Social Web Recap 03.09.18
My weekly annotated summary of significant social web platform developments from the previous week, with links and carping marginalia as needed . . . Posted every Monday morning or thereabouts.
Love the Numbers
Here's what Pew Research Center has to say about its study released at the end of August on the paradoxical nature of teens' attachment to their smartphones: "Amid roiling debates about the impact of screen time on teenagers, roughly half of those ages 13 to 17 are themselves worried they spend too much time on their cellphones. Some 52% of U.S. teens report taking steps to cut back on their mobile phone use, and similar shares have tried to limit their use of social media (57%) or video games (58%), a new Pew Research Center survey finds."
Last May YouTube unveiled tools intended to help users manage their platform routines. Last week, the features were bundled together as a sort of personal time governess. Under 'Time Watched' in the account menu you'll be able to see how long you’ve watched YouTube videos today, yesterday and over the past seven days. You can then go to 'settings' and set a viewing time limit, or consolidate your video "push notifications into a single notification each day and set a specific time to receive your digest." And if you can't ignore those sound and vibration notifications before going to sleep, in true nanny fashion YouTube is now sending "all notifications without sound and vibration between 10pm and 8am."
In the spirit of either alturisma or snuggling up to profitable video originators (you decide), YouTube has introduced (still in beta) a “group of tools called YouTube Giving, and it includes options for fundraisers, community fundraisers, campaign matching, and Super Chat for Good.” Fans “can donate to campaigns started by creators through a donate button.”
Not much seems to change with venerable Tumblr, but recent updates to its community guidelines evidence a keen sense of the impact of hateful and violent uses of social by the marginal and the unbalanced. Twitter and Facebook should take notice of the laudable changes in the guidelines driven by Tumblr's belief that: "(I)n a free and open internet ... we can’t ignore that the internet is being exploited by hate groups to organize, recruit, and radicalize with horrifying efficiency."

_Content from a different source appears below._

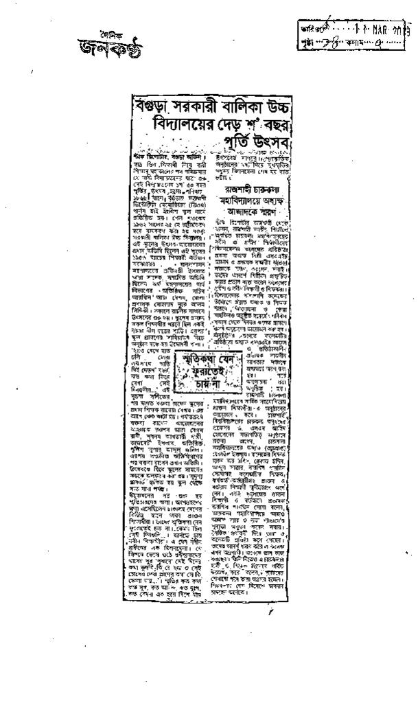 বগুড়া সরকারি বালিকা উচ্চ বিদ্যালয়ের দেড়শ’ বছর পূর্তি উৎসব Published on Newspaper দৈনিক জনকণ্ঠ Category Educational Week Download

Not only that, in an even more sweeping renewal Tumblr is changing post formatting. Says Tumblr's staff: "It used to be that a post could only be one thing . . . Now a post can be anything you want it to be (or whatever it was meant to be)." Change text styles (including a colour changer) , add a GIF, video, image, audio, link or tag . . . "This is posting the way it should be: Free from formats and constraints so you can express yourself the way you’ve always wanted (needed) to."
Digiday's Lucia Moses says it best: "Continuing its charm offensive with news publishers, Facebook has been testing a tool with five publishers including BuzzFeed to help them improve their reach on the platform. The organic content testing tool lets publishers test up to four versions of a piece of content, with variations in elements like headline, description and image, in real time — something publishers would otherwise have to pay for by boosting a post."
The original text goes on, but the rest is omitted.